Date of Award

Spring 2022

Project Type


Program or Major

Computer Science

Degree Name

Doctor of Philosophy

First Advisor

Laura Dietz

Second Advisor

Dongpeng Xu

Third Advisor

Elizabeth Varki


Information Retrieval (IR) refers to obtaining valuable and relevant information from various sources in response to a specific information need. For the textual domain, the most common form of information sources is a collection of textual documents or text corpus. Depending on the scope of the information need, also referred to as the query, the relevant information can span a wide range of topical themes. Hence, the relevant information may often be scattered through multiple documents in the corpus, and each satisfies the information need to varying degrees. Traditional IR systems present the relevant set of documents in the form of a ranking where the rank of a particular document corresponds to its degree of relevance to the query.

If the query is sufficiently specific, the set of relevant documents will be more or less about similar topics. However, they will be much more topically diverse when the query is vague or about a generalized topic, e.g., ``Computer science." In such cases, multiple documents may be of equal importance as each represents a specific facade of the broad topic of the query. Consider, for example, documents related to information retrieval and machine learning for the query ``Computer Science." In this case, the decision to rank documents from these two subtopics would be ambiguous. Instead, presenting the retrieved results as a cluster of documents where each cluster represents one subtopic would be more appropriate. Subtopic clustering of search results has been explored in the domain of Web-search, where users receive relevant clusters of search results in response to their query.

This thesis explores query-specific subtopic clustering that incorporates queries into the clustering framework. We develop a query-specific similarity metric that governs a hierarchical clustering algorithm. The similarity metric is trained to predict whether a pair of relevant documents should also share the same subtopic cluster in the context of the query. Our empirical study shows that direct involvement of the query in the clustering model significantly improves the clustering performance over a state-of-the-art neural approach on two publicly available datasets. Further qualitative studies provide insights into the strengths and limitations of our proposed approach.

In addition to query-specific similarity metrics, this thesis also explores a new supervised clustering paradigm that directly optimizes for a clustering metric. Being discrete functions, existing approaches for supervised clustering find it difficult to use a clustering metric for optimization. We propose a scalable training strategy for document embedding models that directly optimizes for the RAND index, a clustering quality metric. Our method outperforms a strong neural approach and other unsupervised baselines on two publicly available datasets. This suggests that optimizing directly for the clustering outcome indeed yields better document representations suitable for clustering.

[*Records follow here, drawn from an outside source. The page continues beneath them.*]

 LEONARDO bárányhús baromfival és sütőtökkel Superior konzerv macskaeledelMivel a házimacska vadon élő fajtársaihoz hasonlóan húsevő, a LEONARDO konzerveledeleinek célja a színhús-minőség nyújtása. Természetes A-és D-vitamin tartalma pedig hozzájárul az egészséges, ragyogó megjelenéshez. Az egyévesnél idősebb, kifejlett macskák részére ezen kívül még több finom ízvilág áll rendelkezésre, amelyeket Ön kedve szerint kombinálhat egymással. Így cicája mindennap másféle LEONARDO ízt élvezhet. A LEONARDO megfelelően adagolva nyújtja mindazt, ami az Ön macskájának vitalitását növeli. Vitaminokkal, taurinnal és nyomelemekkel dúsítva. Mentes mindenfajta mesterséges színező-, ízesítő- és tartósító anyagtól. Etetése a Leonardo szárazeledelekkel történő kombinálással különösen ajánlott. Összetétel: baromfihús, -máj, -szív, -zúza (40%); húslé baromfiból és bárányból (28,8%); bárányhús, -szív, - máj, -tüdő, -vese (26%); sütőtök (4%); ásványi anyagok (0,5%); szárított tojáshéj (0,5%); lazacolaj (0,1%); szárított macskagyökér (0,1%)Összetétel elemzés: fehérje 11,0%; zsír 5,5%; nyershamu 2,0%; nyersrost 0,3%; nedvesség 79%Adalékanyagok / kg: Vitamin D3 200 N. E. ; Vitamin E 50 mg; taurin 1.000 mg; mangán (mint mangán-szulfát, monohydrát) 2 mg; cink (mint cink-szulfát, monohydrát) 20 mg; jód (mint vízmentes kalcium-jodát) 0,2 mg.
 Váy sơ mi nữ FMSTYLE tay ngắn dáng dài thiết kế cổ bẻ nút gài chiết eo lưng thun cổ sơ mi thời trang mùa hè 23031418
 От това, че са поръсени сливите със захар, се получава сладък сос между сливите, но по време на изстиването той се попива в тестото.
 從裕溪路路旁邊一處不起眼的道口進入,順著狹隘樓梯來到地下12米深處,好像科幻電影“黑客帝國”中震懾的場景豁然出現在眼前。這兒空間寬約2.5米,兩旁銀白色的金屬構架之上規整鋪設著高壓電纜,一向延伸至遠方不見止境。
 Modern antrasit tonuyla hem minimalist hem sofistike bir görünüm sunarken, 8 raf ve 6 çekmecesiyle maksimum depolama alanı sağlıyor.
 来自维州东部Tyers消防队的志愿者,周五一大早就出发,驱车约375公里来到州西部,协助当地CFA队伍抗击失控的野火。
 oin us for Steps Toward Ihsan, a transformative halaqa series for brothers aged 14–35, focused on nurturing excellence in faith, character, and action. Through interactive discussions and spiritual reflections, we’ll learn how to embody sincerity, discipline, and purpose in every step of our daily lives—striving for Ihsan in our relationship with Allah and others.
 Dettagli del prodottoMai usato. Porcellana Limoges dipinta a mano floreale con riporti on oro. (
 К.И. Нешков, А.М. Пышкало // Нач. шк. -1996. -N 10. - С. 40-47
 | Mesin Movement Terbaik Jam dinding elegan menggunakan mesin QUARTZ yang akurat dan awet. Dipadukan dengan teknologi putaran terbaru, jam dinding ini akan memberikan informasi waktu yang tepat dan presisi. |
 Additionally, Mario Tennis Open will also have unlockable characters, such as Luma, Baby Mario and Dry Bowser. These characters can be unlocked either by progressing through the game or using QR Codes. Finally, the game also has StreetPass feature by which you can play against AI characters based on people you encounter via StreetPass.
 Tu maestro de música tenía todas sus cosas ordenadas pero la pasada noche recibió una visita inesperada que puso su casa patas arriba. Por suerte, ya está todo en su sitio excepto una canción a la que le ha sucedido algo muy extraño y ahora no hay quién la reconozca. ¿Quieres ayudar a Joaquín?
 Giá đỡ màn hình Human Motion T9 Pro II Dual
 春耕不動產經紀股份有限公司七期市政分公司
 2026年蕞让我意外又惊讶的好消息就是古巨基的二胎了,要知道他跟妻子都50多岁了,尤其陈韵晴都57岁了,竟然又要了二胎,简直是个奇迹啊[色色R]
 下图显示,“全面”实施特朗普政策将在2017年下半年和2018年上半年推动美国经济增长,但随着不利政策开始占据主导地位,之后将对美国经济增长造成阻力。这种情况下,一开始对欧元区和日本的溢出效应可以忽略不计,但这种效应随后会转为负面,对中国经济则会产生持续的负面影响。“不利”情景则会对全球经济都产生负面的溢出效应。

This thesis also studies the generalizability of our findings by incorporating the query-specific clustering approach and our clustering metric-based optimization technique into a single end-to-end supervised clustering model. Also, we extend our methods to different clustering algorithms to show that our approaches are not dependent on any specific clustering algorithm. Having such a generalized query-specific clustering model will help to revolutionize the way digital information is organized, archived, and presented to the user in a context-aware manner.